EXERCISE BRIEF » Give the data below again exactly as written, without its pictures.

GIVEN DATA »
****

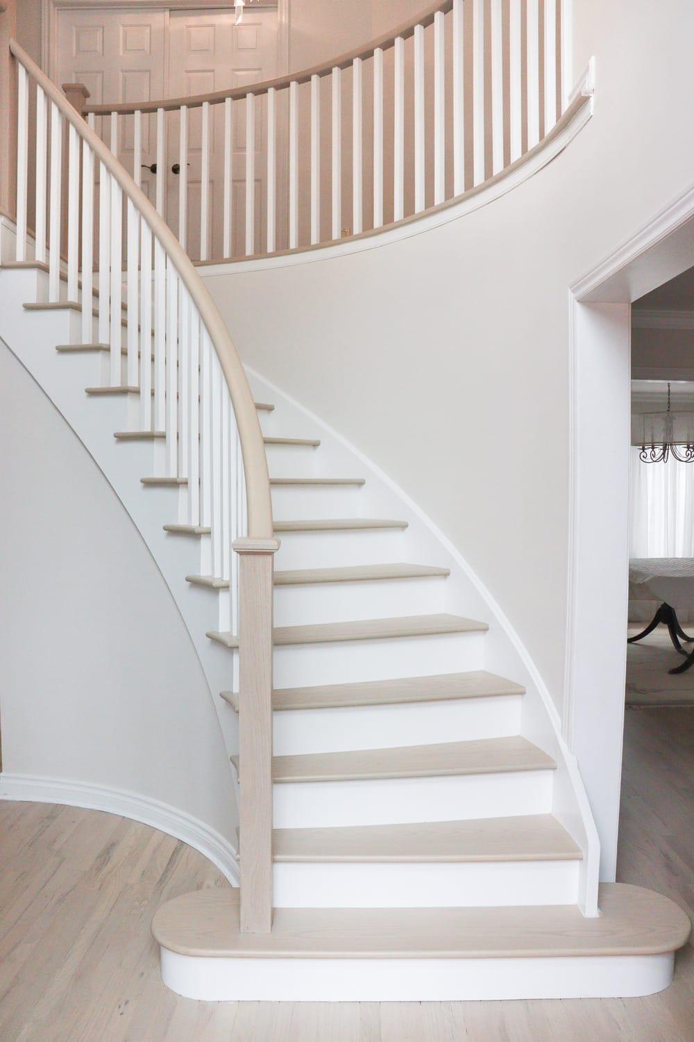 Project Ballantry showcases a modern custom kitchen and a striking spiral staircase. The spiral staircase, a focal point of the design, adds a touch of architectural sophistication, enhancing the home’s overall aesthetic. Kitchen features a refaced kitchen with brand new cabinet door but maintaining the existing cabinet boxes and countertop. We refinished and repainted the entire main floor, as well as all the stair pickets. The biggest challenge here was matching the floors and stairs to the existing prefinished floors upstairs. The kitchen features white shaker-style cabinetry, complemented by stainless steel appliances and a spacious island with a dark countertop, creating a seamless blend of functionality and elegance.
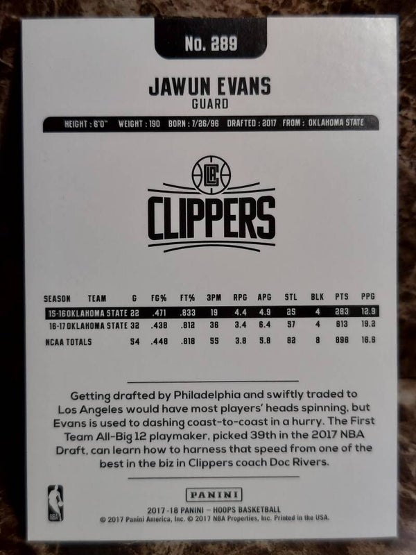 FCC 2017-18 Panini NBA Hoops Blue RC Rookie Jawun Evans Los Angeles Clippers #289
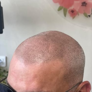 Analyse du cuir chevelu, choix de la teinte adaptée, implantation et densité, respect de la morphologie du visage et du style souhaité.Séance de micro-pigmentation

****

PROBLEM SOLUTION »
 Project Ballantry showcases a modern custom kitchen and a striking spiral staircase. The spiral staircase, a focal point of the design, adds a touch of architectural sophistication, enhancing the home’s overall aesthetic. Kitchen features a refaced kitchen with brand new cabinet door but maintaining the existing cabinet boxes and countertop. We refinished and repainted the entire main floor, as well as all the stair pickets. The biggest challenge here was matching the floors and stairs to the existing prefinished floors upstairs. The kitchen features white shaker-style cabinetry, complemented by stainless steel appliances and a spacious island with a dark countertop, creating a seamless blend of functionality and elegance.
 FCC 2017-18 Panini NBA Hoops Blue RC Rookie Jawun Evans Los Angeles Clippers #289
 Analyse du cuir chevelu, choix de la teinte adaptée, implantation et densité, respect de la morphologie du visage et du style souhaité.Séance de micro-pigmentation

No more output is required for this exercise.